Kolmogorov-Smirnov¶

The Kolmogorov-Smirnov test is another widely used non-parametric test for detecting drift. It measures the maximum distance between two empirical distributions, \(F(z)\) and \(F_{\textrm{ref}}(z)\):

\[ \textrm{KS} = \sup_{x} \left| F(z) - F_{\textrm{ref}}(z) \right| \]

where \(\sup_{x}\) is the supremum of the set of distances. The KS test is particularly useful for detecting differences in the distribution’s shape, such as shifts in location or scale.

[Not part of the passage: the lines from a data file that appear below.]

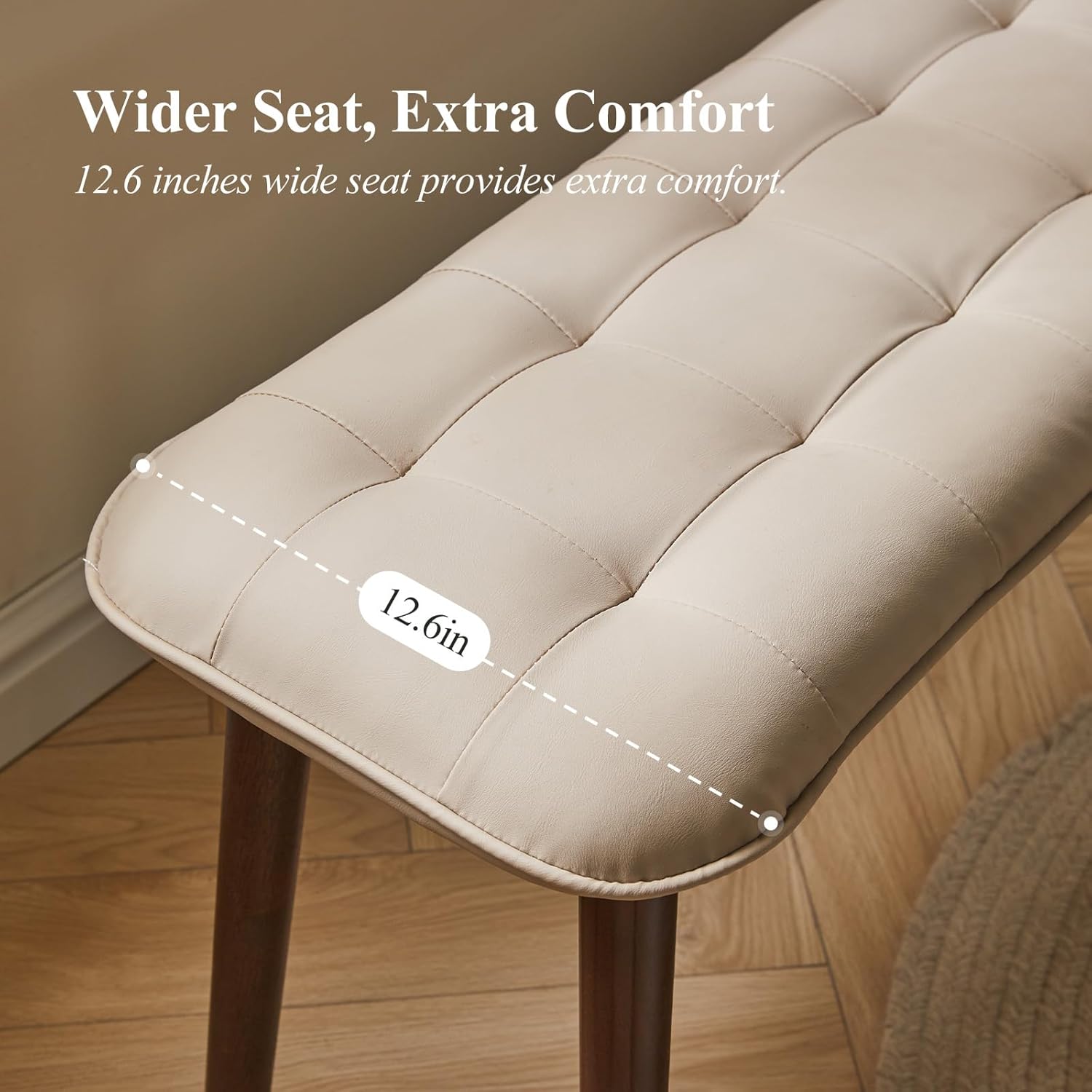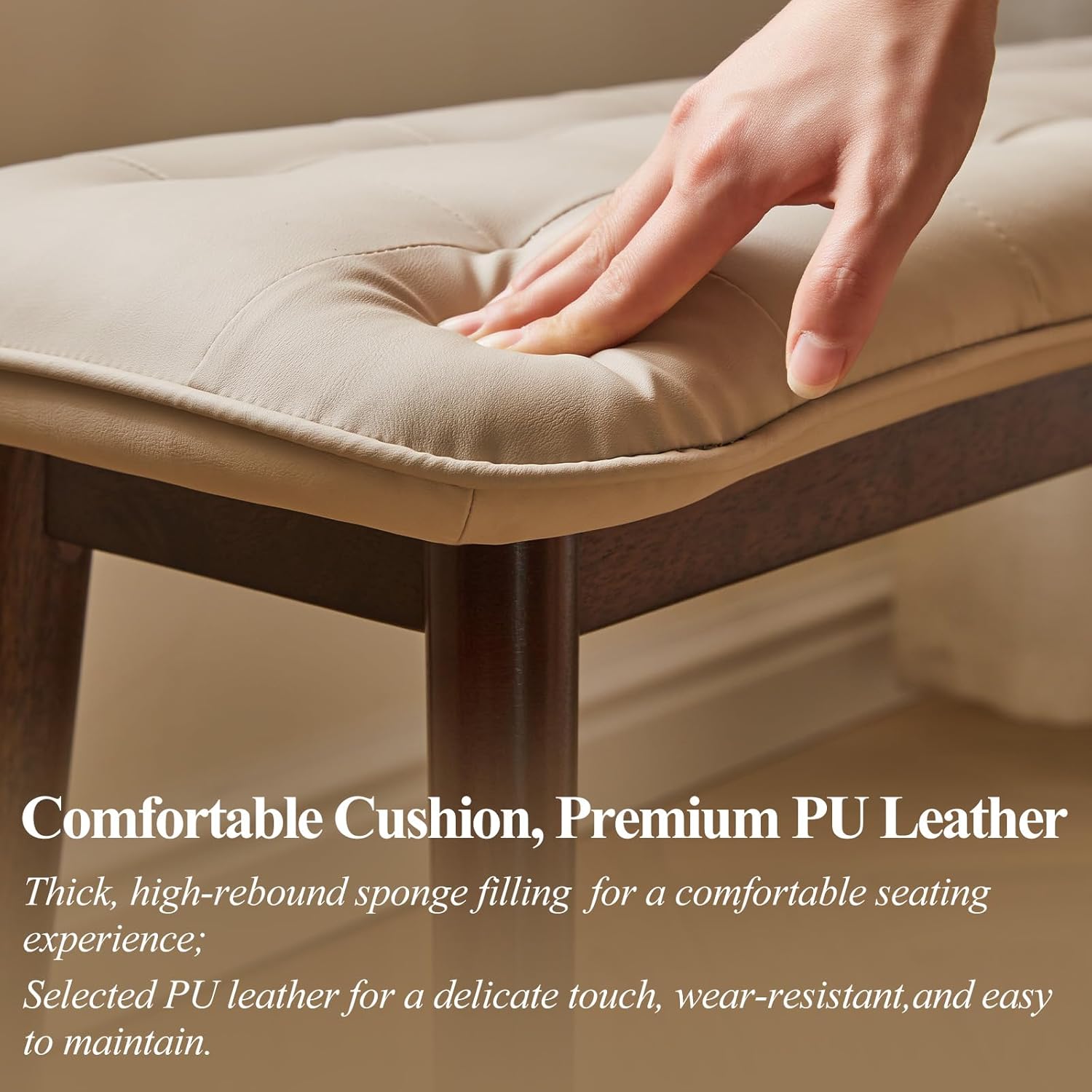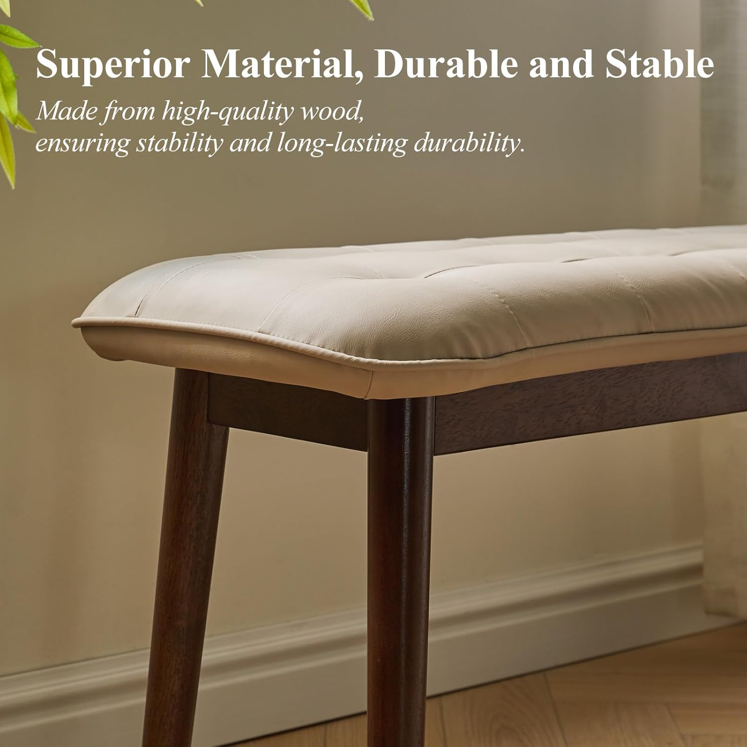 Entryway Bench, Solid Wood Dining Bench, Midcentury End of Bed Bench with PU Leather Padded Seat, Bedroom Bench, 47.24" L x 12.6" W x 17.72" H (Beige)
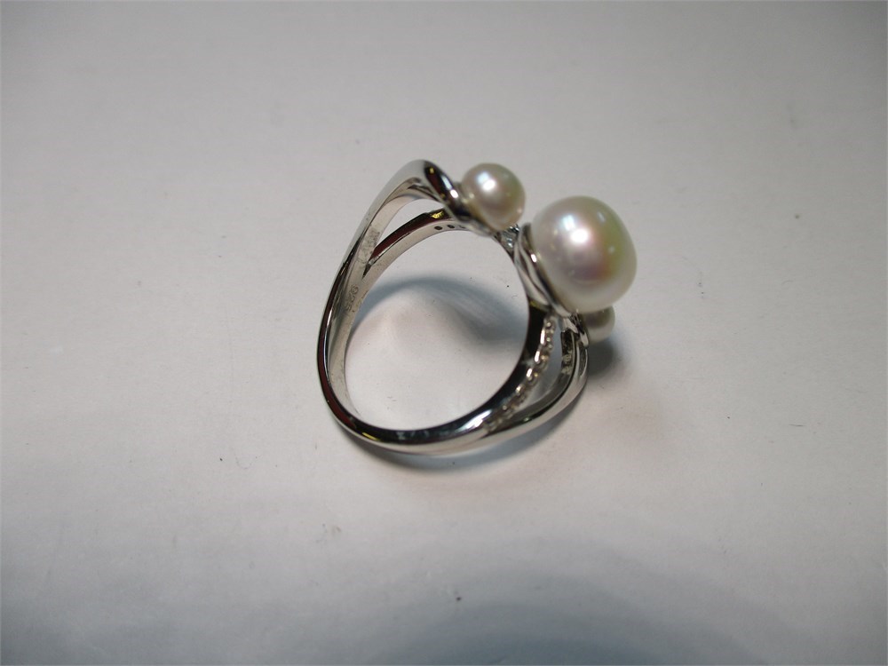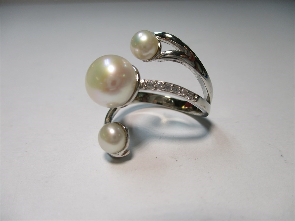 This is a lovely high polished Sterling Silver and Faux Pearl & CZ Cocktail Ring. A lovely, classic ring that will fit a size 7. Made in China.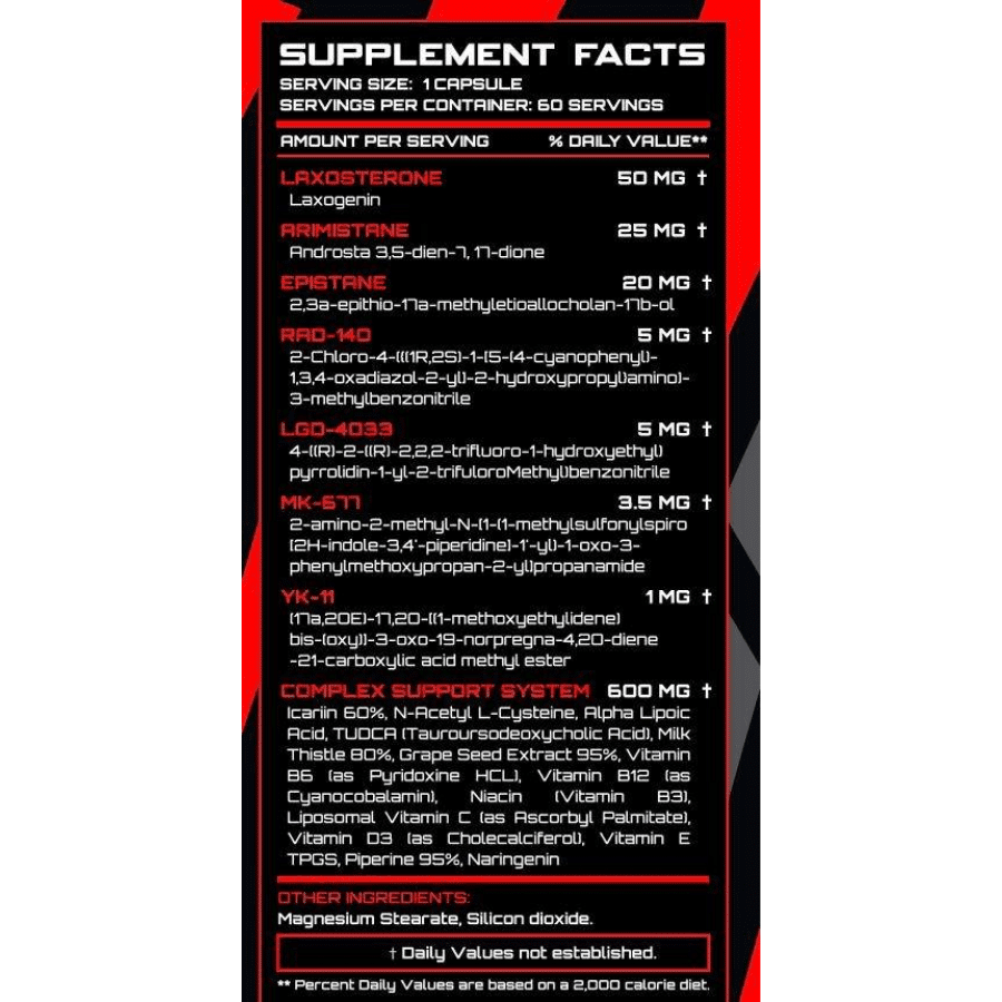 Icariin 60%N-Acetyl L-CysteineAlpha Lipoic AcidTUDCA (Tauroursodeoxycholic Acid)Milk Thistle 80%Grape Seed Extract 95%Vitamin B6 (as Pyridoxine HCL)Vitamin B12 (as Cyanocobalamin)Niacin (Vitamin B3)Liposomal Vitamin C (as Ascorbyl Palmitate)Vitamin D3 (as Cholecalciferol)Vitamin E TPGSPiperine 95%Naringenin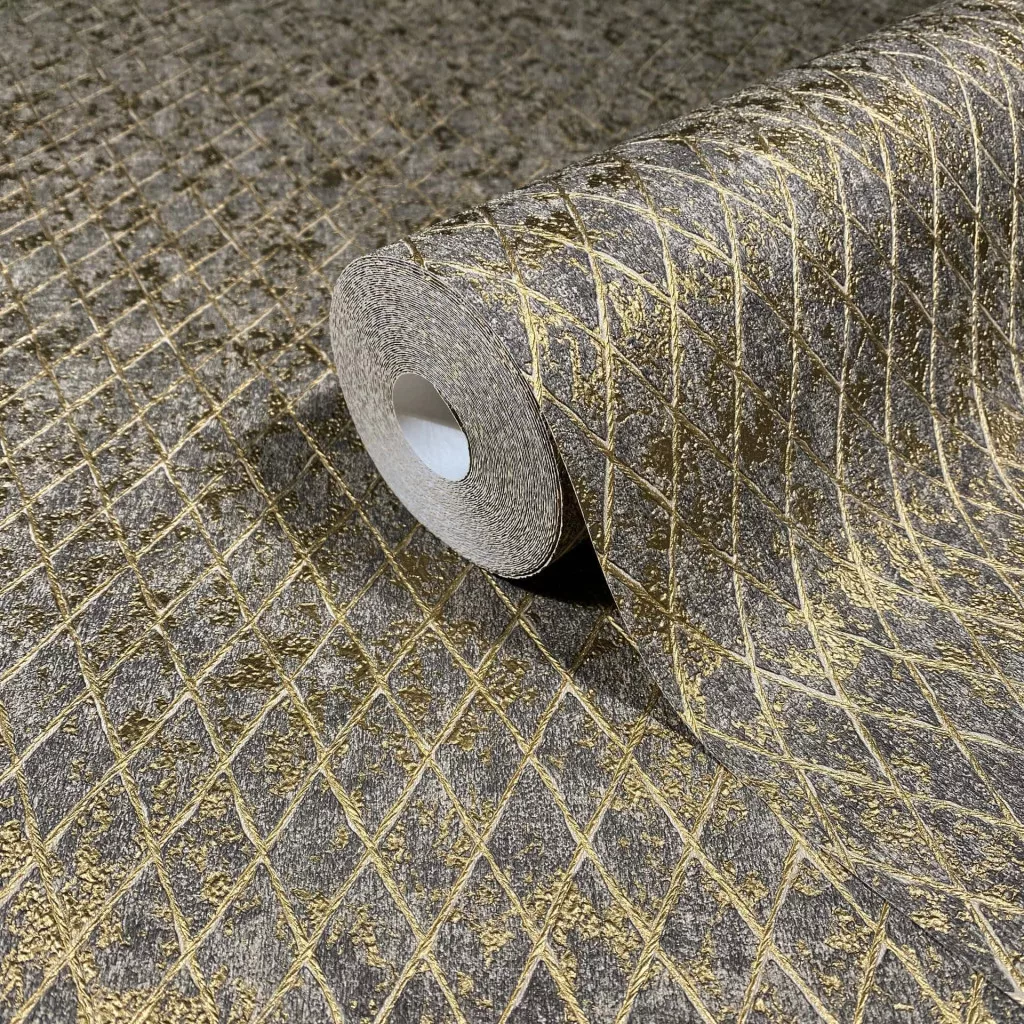 Ritus: Modern barna-arany rombusz mintás (mosható) vlies-vinyl tapéta

Similar to the CVM test, when dealing with multivariate data, the KS test is applied to each feature separately. The resulting p-values are then aggregated using either the Bonferroni or False Discovery Rate (FDR) correction. The Bonferroni correction controls the probability of at least one false positive, making it more conservative, while the FDR correction allows for a controlled proportion of false positives.

Key characteristics:

Sensitivity: Most sensitive to differences in the middle of the distribution
Test type: Two-sided test (detects both shifts in location and scale)
Distribution-free: Makes no assumptions about the underlying distributions
Power: Good general-purpose test, though can be less powerful for tail differences

When to use:

Image pixel statistics (brightness, contrast per RGB channel)
General-purpose drift detection across various feature types
When you need a well-understood, widely accepted statistical test
When drift is expected in the central portions of the distribution
As a baseline comparison for other methods

Limitations:

Blind to the edges. It struggles to detect changes that occur in the tails (outliers) and can be overly sensitive to sample size, leading to “false alarms” with very large datasets.